More debate has taken place over whether News Corp might be looking to make a deal with Microsoft to use its Bing search engine, if the company goes ahead with its promise to remove its content from Google in the next few months. The Financial Times reported that the two companies have been in discussions, with the impetus for the talks coming from News Corp, and that Microsoft has also approached other big online publishers to persuade them to remove their sites from Google's search engine.
Bing is currently providing little competition to Google in terms of market share and having exclusive news content could help it make progress. Therefore, it has been suggested that Microsoft is prepared to pay publishers to use their content, which could be big news for newspapers: the FT spoke with an unnamed website publisher who had been approached by Microsoft, who said that the plan "puts enormous value on content if search engines are prepared to pay us to index them."
An ideal situation for newspaper publishers could be if Microsoft's move to pay publishers prompted Google to do the same, and both competed for newspapers' business, meaning more favourable prices.

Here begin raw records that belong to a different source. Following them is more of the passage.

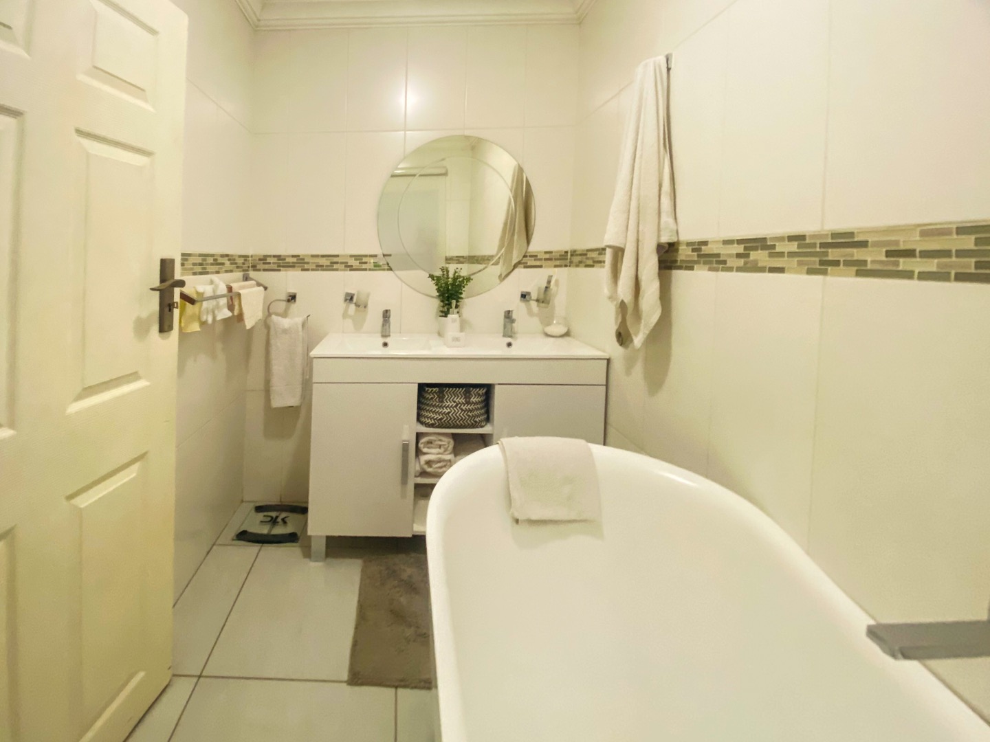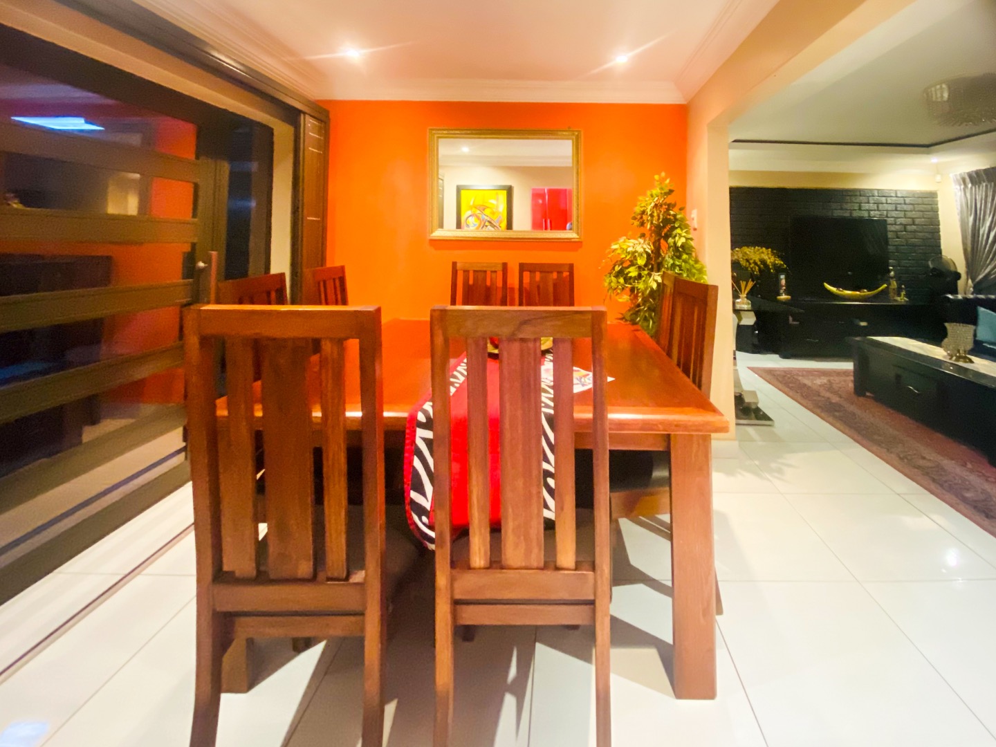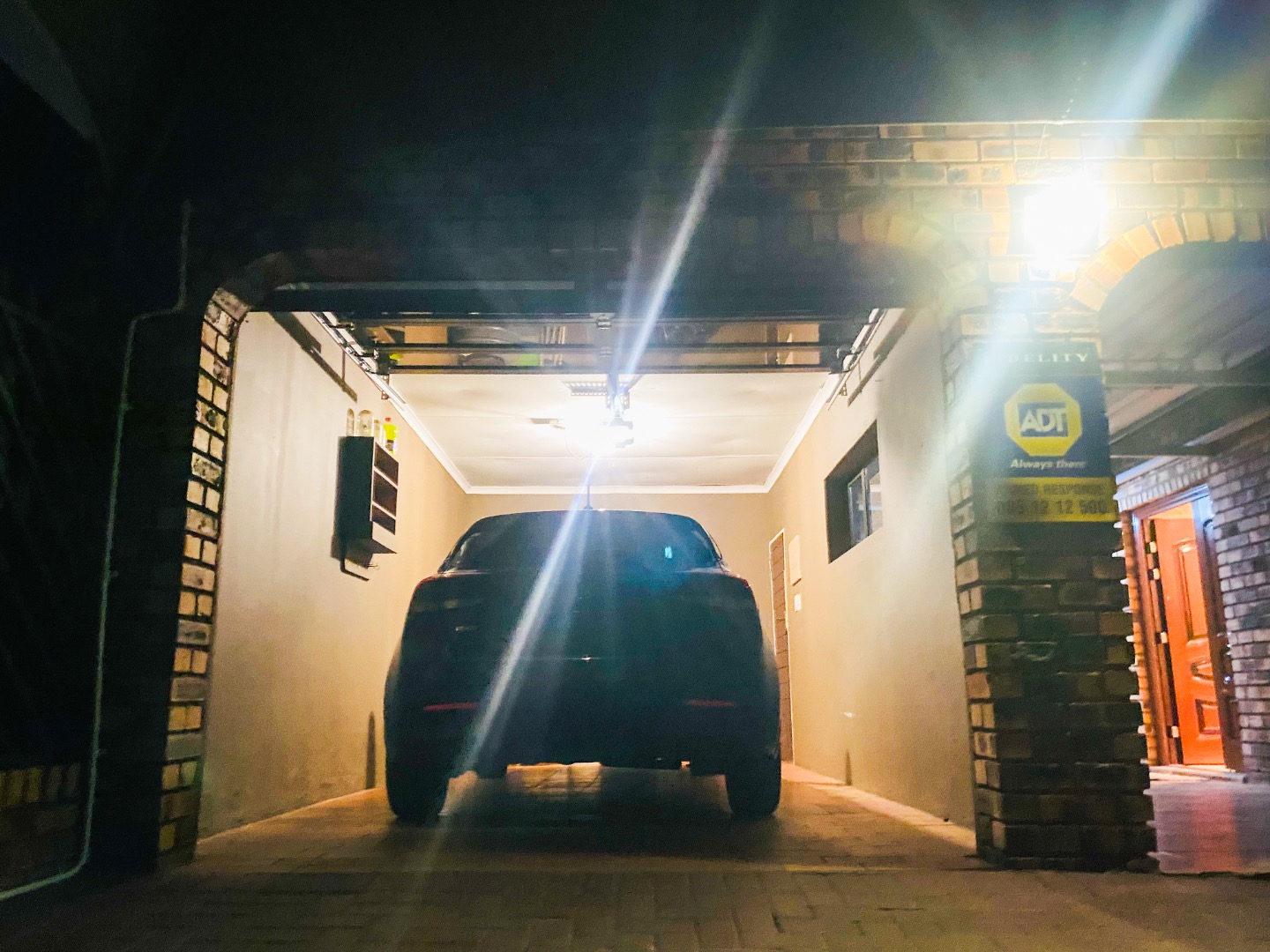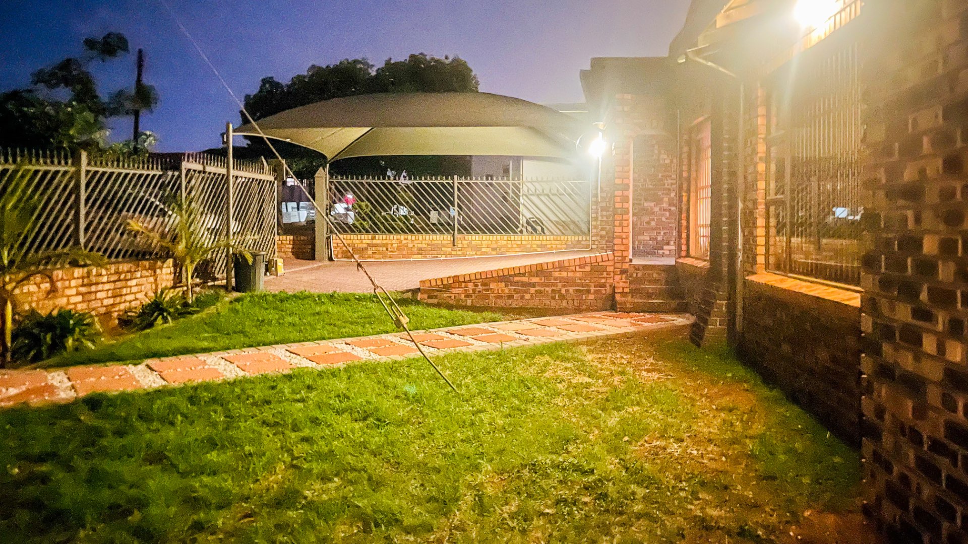Security is thoughtfully integrated, featuring robust security gates, burglar bars, and a perimeter defined by a sturdy metal fence with a brick base, complemented by an ADT sign for enhanced peace of mind. Excellent exterior lighting illuminates the property, ensuring safety and visibility during evening hours. The durable brick construction promises longevity and low maintenance, allowing you to fully immerse yourself in the luxurious lifestyle this home affords.
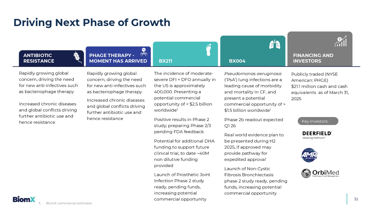 of production suites In preparation, clean room class B available Capabilities for sterile products 18 - 40L working volume in Bioreactor per batch DS scale 11kg per batch established, 200 - 250 containers of 50 g DP scale topical 2 dedicated labs to support IPC, release and stability Quality Control (QC) Phase 2 compliant quality systems Quality Assurance (QA) Dedicated equipment – breathing simulator Aerosol characterization BiomX Manufacturing Capabilities Grade C USP+DSP Grade D Dry product Grade D - DP Grade D - DP Grade D - DSP Grade C – USP Warehouse QC 30 • 3 patent families with expirations through 2045, covering key aspects of phage discovery, formulation, and application • 2 families in national phase (USA, Europe, Japan, Australia, Canada, China) and 1 in pre - PCT stage , ensuring global protection • Comprehensive IP coverage includes: • Therapeutic phage cocktails (e.g., Staphylococcus, Pseudomonas) • Broad phage combination strategies • Claims on phage synergy to suppress resistance/mutant escape • Genetic sequence variants and engineering strategies • Synthetic phages with heterologous sequences • Use of phages in combination with antibiotics Freedom - to - operate strategy in major markets Claims designed to support both clinical assets and future pipeline expansion Ongoing IP filings to expand coverage of novel phage constructs and production methods Robust IP Portfolio Protecting Core Phage Assets Through 2045 Rapidly growing global concern, driving the need for new anti - infectives such as bacteriophage therapy Increased chronic diseases and global conflicts driving further antibiotic use and hence resistance The incidence of moderate - severe DFI + DFO annually in the US is approximately 400,000 . Presenting a potential commercial opportunity of > $2.5 billion worldwide 1 Positive results in P hase 2 study; preparing Phase 2/3 pending FDA feedback Potential for additional DHA funding to support future clinical trial, to date ~40M non dilutive funding provided Launch of Prosthetic Joint Infection Phase 2 study ready, pending funds, increasing potential commercial opportunity Pseudomonas aeruginosa ( ‘ PsA ’ ) lung infections are a leading cause of morbidity and mortality In CF, and present a potential commercial opportunity of > $ 1.5 billion worldwide 1 Phase 2 b readout expected Q 1 26 Real world evidence plan to be presented during H 2 2025 , if approved may provide pathway for expedited approval Launch of Non - Cystic Fibrosis Bronchiectasis phase 2 study ready, pending funds, increasing potential commercial opportunity Publicly traded ( NYSE American: PHGE ) $ 21.2 million cash and cash equivalents as of M arch 31 , 2025 ANTIBIOTIC RESISTANCE PHAGE THERAPY - MOMENT HAS ARRIVED Rapidly growing global concern, driving the need for new anti - infectives such as bacteriophage therapy Increased chronic diseases and global conflicts driving further antibiotic use and hence resistance BX 2 11 BX004 FINANCING AND INVESTORS Key investors: Driving Next Phase of Growth 32 1. BiomX commercial estimates
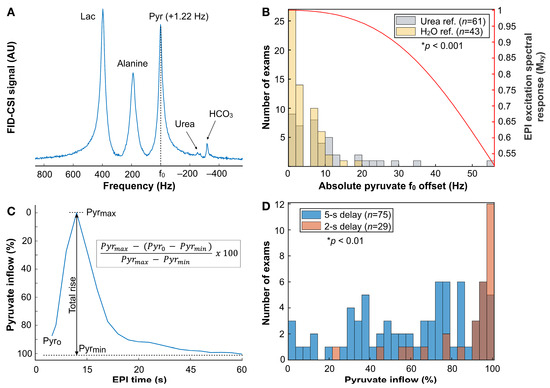 HP-13C EPI methodologies. Example non-selective FID-CSI spectra following EPI that display the foffset,Pyr; alanine is extra-parenchymal (A). Histogram of the |foffset,Pyr| obtained using a coil-embedded [13C]-urea phantom versus water reference is shown alongside the corresponding EPI excitation spectral response that indicates relative signal loss due to off-resonance; the maximum foffset,Pyr resulting from the water reference technique still retained ~0.96 Mxy (B). Definition of pyruvate inflow for NAWM (C) and histogram of pyruvate inflow percentages captured by 5 s versus 2 s EPI acquisition delays after tracer injection and saline flush (D). *, statistically significant difference.
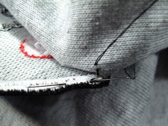 Now we take a needle with a thread in the tone of the patch (or contrasting - as you like more) and begin to carefully sew the patch, folding the thread in half for strength.
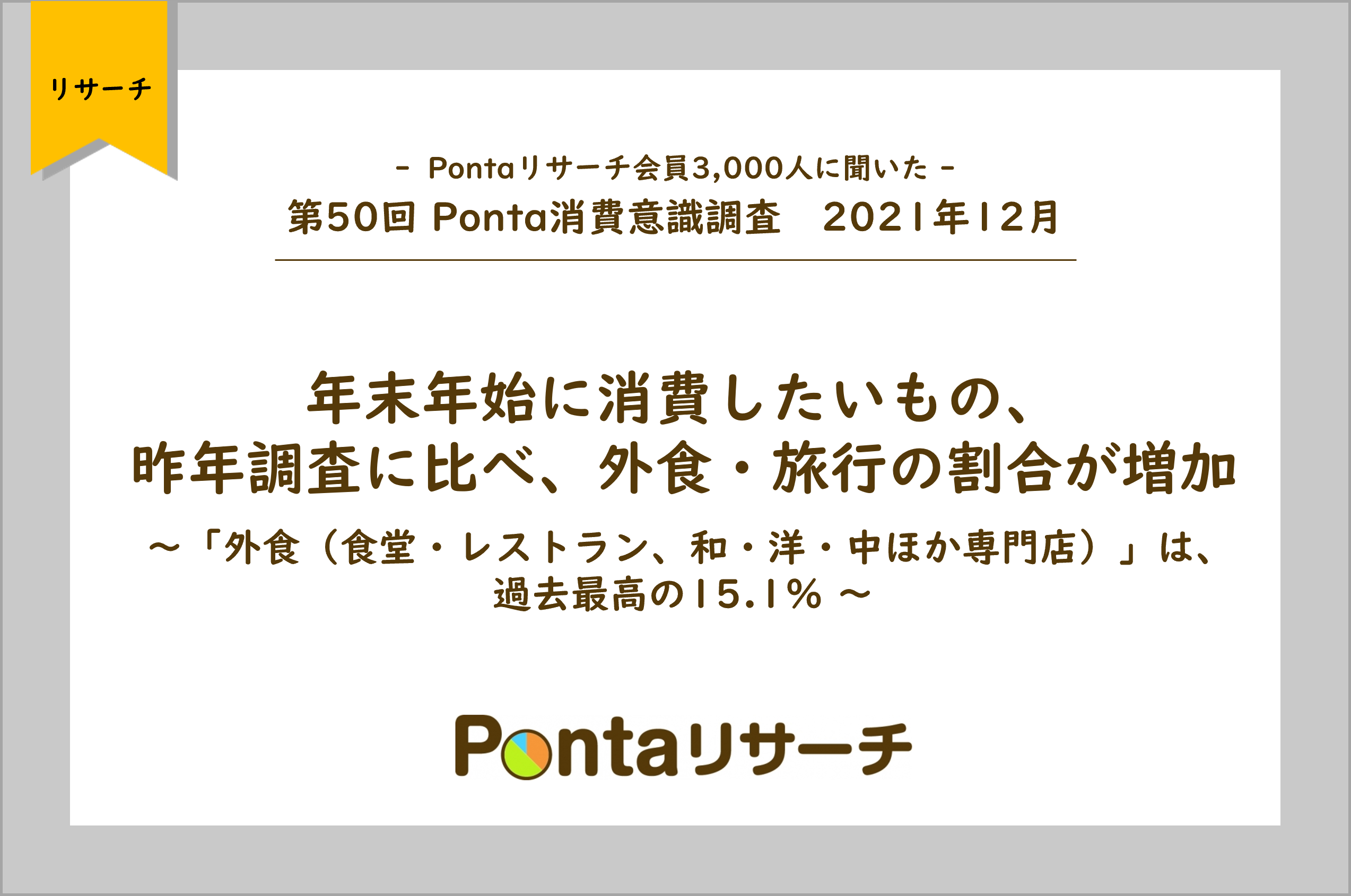 第50回 Ponta消費意識調査 2021年12月発表 年末年始に消費したいもの、昨年調査に比べ、外食・旅行の割合が増加

Some media commentators have expressed scepticism, however. PaidContent's Robert Andrews wrote that for a start, a source suggested that there might well not be vast sums of money in this. He also questioned whether web users actually "value news so highly that they would switch search providers." News sites do see a lot of traffic via search, but it is more often by chance than because the user was specifically searching for a news story.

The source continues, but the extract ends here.